Álvaro e Isabel são os filhos de Octávio Pato e de Antónia Joaquina Monteiro. A ida para a clandestinidade, primeiro, e a separação do casal, depois, fizeram com que as crianças não aceitassem viver com a mãe quando esta as procurou, anos depois, cumprida a pena de prisão que sofrera com um segundo companheiro, também funcionário do partido comunista, de quem tem uma filha.
Isabel Pato tinha seis anos quando foi presa com a segunda companheira do pai Octávio, Albina Fernandes, e o filho de ambos, o seu irmão Rui Pato.

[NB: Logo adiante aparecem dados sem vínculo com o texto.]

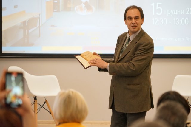 Під час презентації з вітальним словом виступив виконувач обов’язків ректора, заслужений працівник освіти України Олександр Турунцев: «Оновлена бібліотека – це серце університетського життя. Це простір, у якому знання стають живим процесом, формується відповідальне мислення, відбувається діалог і народжуються ідеї, здатні змінювати суспільство». Він передав до фондів бібліотеки Святе Євангеліє від Матвія – як символ духовної традиції, культурної тяглості та ціннісних орієнтирів.
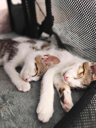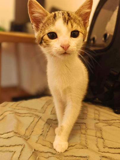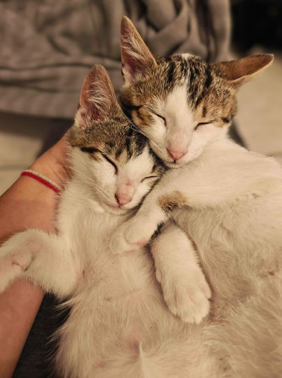 Jeté avec son frère Aube par-dessus un mur, Azur n’a pas eu le départ qu’un chaton mérite. Et pourtant, malgré ce traumatisme, il avance chaque jour, avec courage et curiosité. Ce petit mâle né autour du 14 avril fait des progrès fulgurants. Il commence à chercher le contact humain, il vient doucement vers nous, et surtout : il a lancé ses premiers ronrons tout récemment. Un petit miracle qui nous touche droit au cœur.
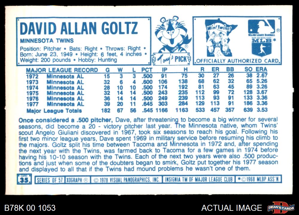 1978 Kellogg's #35 Dave Goltz 4 - VG/EX
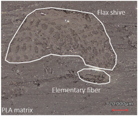 Fibre breakage and splitting of shives and fibres occur due to the high shear forces during processing [24]. This results in flax shives and elementary fibres separately present in the composite. The microscopic image in Figure 6 shows the cross-sectional area of the composite after injection moulding. The impregnation of the PLA matrix within the hollow structure of the flax shives is visible.
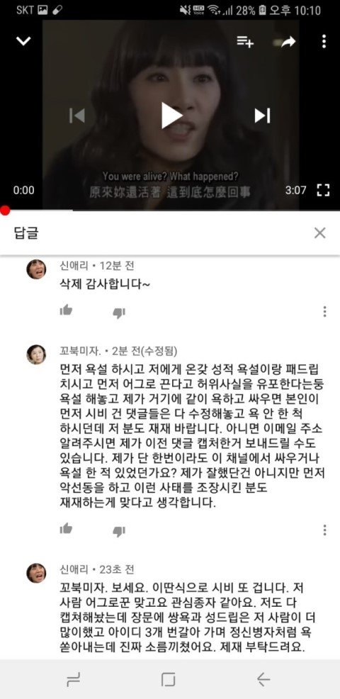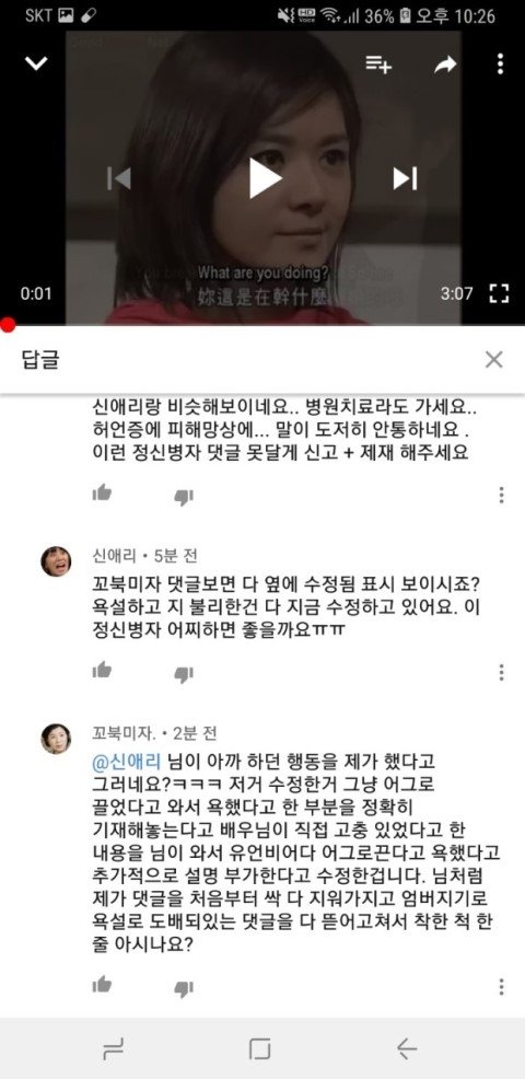 자기가 먼저 시비걸어놀고 서럼의 인격을 완전히 몰살시킨 온갖 악의적인 댓글 테러를 했으면서 이제 와서 자기가 욕한 댓글만 싹 지우고 제가 본인이 먼저 욕하고 수정해서 나만 나쁜사람 만들지 않았냐고 하니까 그런적 없다면서 제가 정신병 있어서 헛거 보고 없었던 일을 있었다고 착각하는거 아니냐고 정신병자라는둥 온갖 자극적인 욕설과 도 넘는 인신공격이 또 이어져 왔습니다. 정신병자란 말은 욕이 아니라 제 상태를 객관적으로 말한거니 받아들이랍니다. 자기가 댓글 수정한거 본인이 더 잘 알텐데 끝까지 아닌 척 하면서 남보고 뻔뻔하게 정신병자라고하는데 인터넷상에서 연기하고 관종짓 하는 이분이 정신병자 아닌가요? 제가 말 추가적으로 한다고 수정하면 욕한거 지운거랍니다.
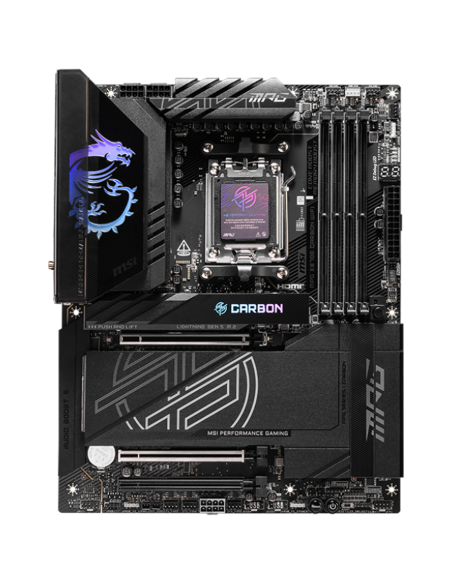 MSI MPG X870E CARBON WIFI, ATX, Socket AM5, 4x DDR5 Dual Channel DDR5 up to 8400(OC)MHz, 3x PCIe 3.0 x16 slot, 4x M.2 slot, 9x USB 10Gbps, 2x 10Gbps Type-C, 2x 40Gbps Type-C, HDMI, 7.1 HD Audio, 2.5+5G LAN, WiFI 7, BT, 3Y_AS

As crianças tiveram de regressar à casa da avó Maria. Tanto a Isabel como o Rui foram muito marcados pela prisão que sofreram. Depois de libertados o Rui ficava doente de voltar à prisão para ver o pai. Albina ficou profundamente afectada psicologicamente pela prisão e, depois de várias campanhas para a sua libertação, acabou por sair em liberdade condicional em 1968. Suicidou-se em 1970.
O Álvaro Pato viveu anos a fio com a avó Maria e foi o primeiro da geração seguinte a seguir as pisadas do pai e dos tios na resistência. Passou à clandestinidade em 1972. Funcionário do PCP, foi preso em 1973 e violentamente torturado. Recusou-se a responder a quaisquer perguntas. No dia 25 de Abril cumpria pena de prisão em Caxias. No dia 27 de Abril foi um dos primeiros a ser libertados e virou a cara para o lado para não ser apanhado pelas câmaras, porque nunca se sabe. Continua a ser funcionário do PCP e, quando lhe pedem, vai às escolas falar do que foi o fascismo.

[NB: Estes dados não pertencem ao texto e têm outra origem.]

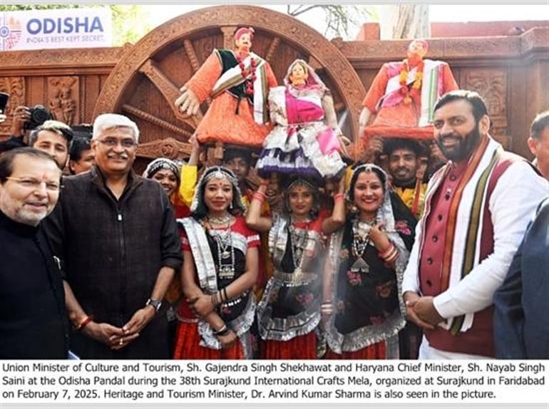 ਚੰਡੀਗੜ੍ਹ, 7 ਫਰਰਵੀ || TC - ਫਰੀਦਾਬਾਦ ਵਿਚ ਪ੍ਰਬੰਧਿਤ 38ਵੇਂ ਸੂਰਜਕੁੰਡ ਕ੍ਰਾਫਟ ਮੇਲੇ ਵਿਚ ਕੇਂਦਰੀ ਸਭਿਆਚਾਰ ਅਤੇ ਸੈਰ-ਸਪਾਟਾ ਮੰਤਰੀ ਸ੍ਰੀ ਗਜੇਂਦਰ ਸਿੰਘ ਸ਼ੇਖਾਵਤ ਅਤੇ ਹਰਿਆਣਾ ਦੇ ਮੁੱਖ ਮੰਤਰੀ ਸ੍ਰੀ ਨਾਇਬ ਸਿੰਘ ਸੈਣੀ ਨੇ ਸ਼ਿਰਕਤ ਕੀਤੀ। ਇਸ ਦੌਰਾਨ ਹਰਿਆਣਾ ਦੇ ਸੈਰ-ਸਪਾਟਾ ਮੰਤਰੀ ਡਾ. ਅਰਵਿੰਦ ਸ਼ਰਮਾ ਵੀ ਮੌਜੂਦ ਰਹੇ। ਮੁੱਖ ਮਹਿਮਾਨ ਤੇ ਹੋਰ ਵਿਸ਼ੇਸ਼ ਮਹਿਮਾਨਾਂ ਨੇ ਮੇਲੇ ਵਿਚ ਵਿਧੀਵਤ ਰੂਪ ਨਾਲ ਰੀਬਨ ਕੱਟ ਕੇ ਉਦਘਾਟਨ ਕੀਤਾ। ਇਸ ਦੇ ਬਾਅਦ ਉਨ੍ਹਾਂ ਨੇ ਇੱਕ-ਇੱਕ ਕਰ ਕੇ ਮੇਲੇ ਦੇ ਸਟਾਲ ਦਾ ਅਵਲੋਕਨ ਕੀਤਾ।
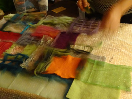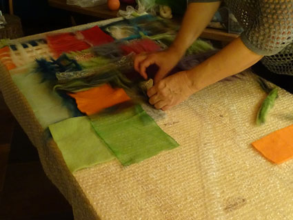 Die Wolle auszulegen ist wie ein Bild malen. Die Farben und Stoffe fließen ineinander. Nach dem Bearbeiten mit Wasser und Seife, nach reiben und walken halte ich ein Schultertuch in der Hand, dass mich immer wieder selbst überrascht.
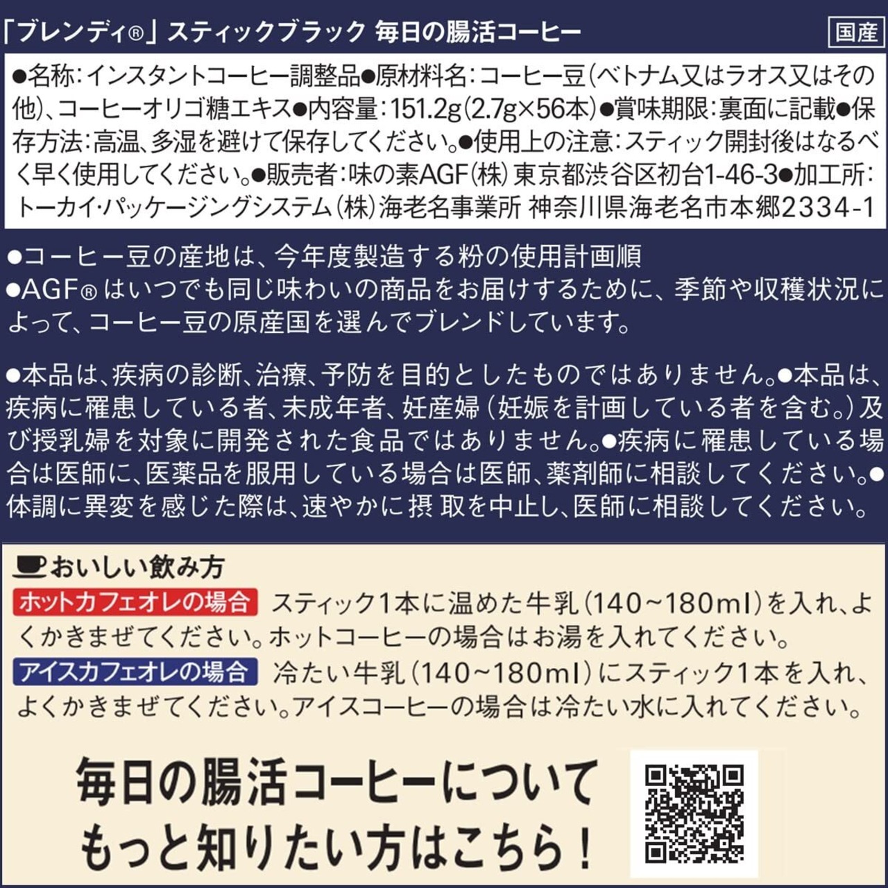 おいしい飲み方:【ホットカフェオレ】:スティック1本に温めた牛乳を入れ、よくかきまぜてください。ホットコーヒーの場合はお湯を入れてください【アイスカフェオレ】:冷たい牛乳にスティック1本を入れ、よくかき混ぜます。アイスコーヒーの場合は冷たい水に入れてください※一日摂取目安量1日2回、スティック1本(2.7g)、飲みすぎ、あるいは体質・体調により、お腹がゆるくなる場合があります
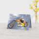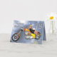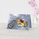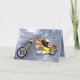 Une fille blonde allongée sur une moto chopper avec des étoiles et des nuages en arrière-plan. Une excellente carte d'anniversaire pour un passionné de moto.
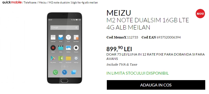 La început de iunie, chinezii de la Meizu anunțau lansarea unui nou smartphone de buget, mai precis cea a lui M2 Note, phablet de 5.5 inch cu preț recomandat de 130$. La scurt timp de la dezvăluirea sa, câteva site-uri printre care și pandawill.com îl listau la comandă pentru suma de 680 lei cu transport gratuit în România.
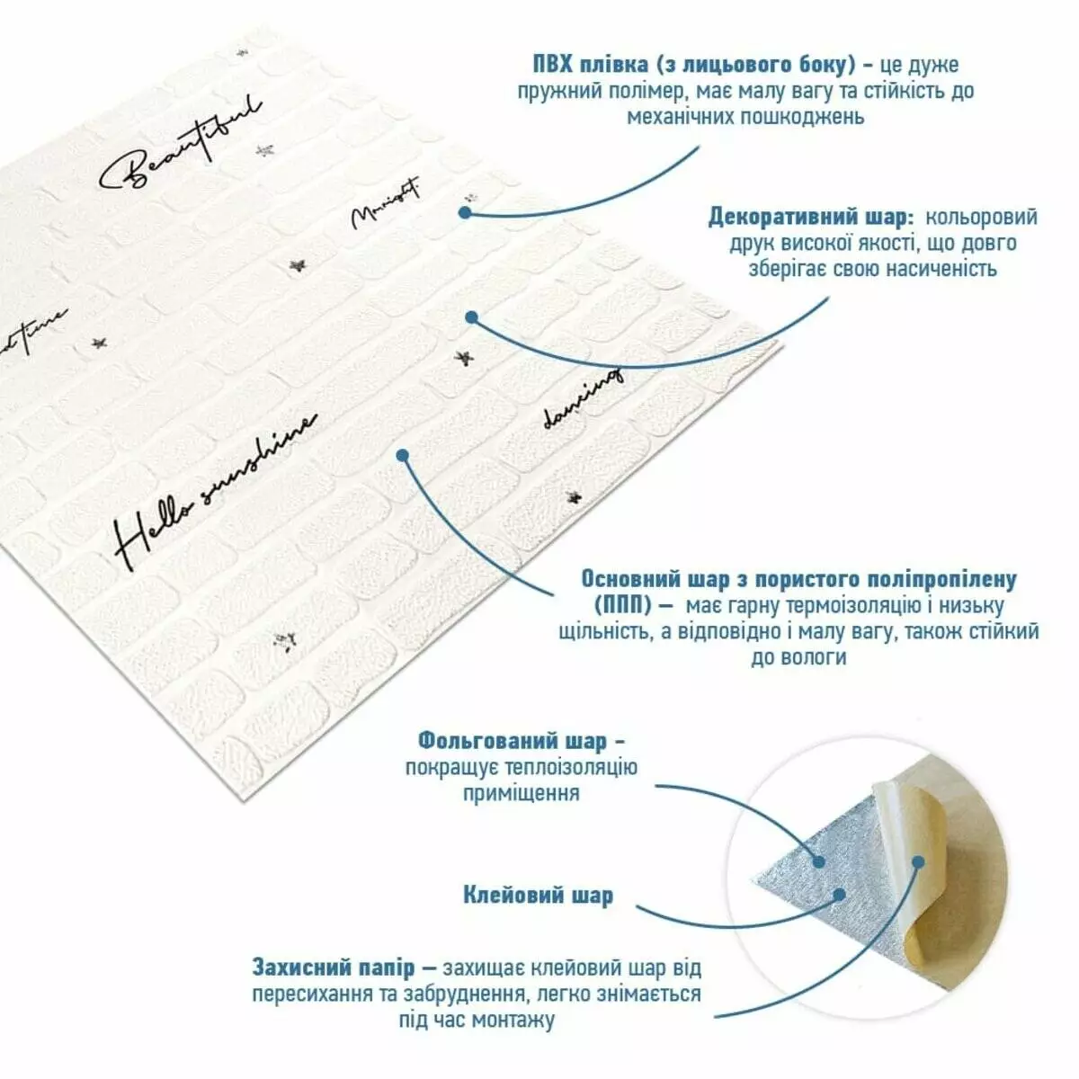 3D панелі самоклеючі – декоративне покриття для стін, виконане з легкого та міцного матеріалу – пористого поліпропілену (ППП). Основна особливість – рельєфний малюнок у вигляді цегли у широкому різноманітті кольорів та наявність клейового шару, що дозволяє встановити панелі без необхідності застосування додаткових матеріалів.
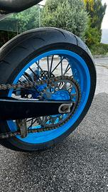 la moto è stato riverniciata completamente da un carrozziere quindi un lavoro fatto bene, gomme Mitas nuove, motore stato aperto per revisione completa, monta scarico completo FMF (costo sui 500?) e carburatore 32, volendo posso cedere il mikuni 38, monta anche un set di carene nuove e sella ritapezzata a cui posso aggiungere un set di sella e serbatoio per fare aggiornamento post 06 di cui la moto è già predisposta. In foto non presenta fari e frecce per gusto personale, ma cedo le 4 frecce da montare, la barra a led per la mascherina piatta e il faro V-face. Per maggiori informazioni contattatemi pure ma solo se veramente interessati. Prezzo POCO trattabile visto che sono compresi anche carburatore 38 mikuni e kit sella e serbatoio

A experiência de Luz Obscura foi, de alguma forma, para os três filhos de Octávio, uma catarse do sofrimento passado. Esse é um outro e menos visível mérito, ainda que não cinematográfico, do trabalho de Susana de Sousa Dias.
A mão por detrás da câmara
Susana de Sousa Dias de Macedo nasceu em Lisboa, filha de Maria Helena Grilo de Sousa Dias e de António Luís Ernesto de Macedo. Tem um Doutoramento em Belas-Artes (Audiovisuais), um mestrado em Estética e Filosofia de Arte, e uma licenciatura em Pintura. Concluiu o curso de Cinema da Escola Superior de Teatro e Cinema e estudou música no Conservatório Nacional.
Entre os seus trabalhos contam-se Natureza Morta (Prémio Atalanta Doclisboa 2006, Prémio de Mérito Taiwan DFF), 48 (Grand Prix Cinéma du Réel 2010, Prémio FIPRESCI DokLeipzig 2010, Opus Bonum Award, entre muitos outros), e Natureza Morta|Stilleben(instalação em 3 canais, estreada no MNAC-Museu do Chiado). Luz Obscura é o seu filme mais recente.
Os seus trabalhos têm sido mostrados internacionalmente em festivais de cinema, espaços e exposições de arte tais como Documenta 14, PhotoEspaña, Viennale, Sarajevo IFF, Torino IFF, Visions du Réel, Festival de Cinema Independente Mar de Plata, IndieLisboa, Pacific Film Archive, Harvard Film Archive, Arsenal Institut für Filmund Videokunst, Berlim, Tabakalera, San Sebastian, Instituto de Arte Contemporânea de Londres, Museu de Arte Contemporânea do Ceará, entre outros.
Foi artista convidada no Robert Flaherty Film Seminar, Nova Iorque, em 2012. No mesmo ano formou um colectivo que dirigiu o Doclisboa, Festival Internacional de Cinema por duas edições consecutivas (2012 e 2013), abrindo novas categorias como Cinema de Urgência, Verdes Anos e Passagens (documentário e arte contemporânea).
É professora na Faculdade de Belas-Artes de Lisboa. Vive com o historiador e investigador Ansgar Shäffer, com quem fundou a produtora Kintop.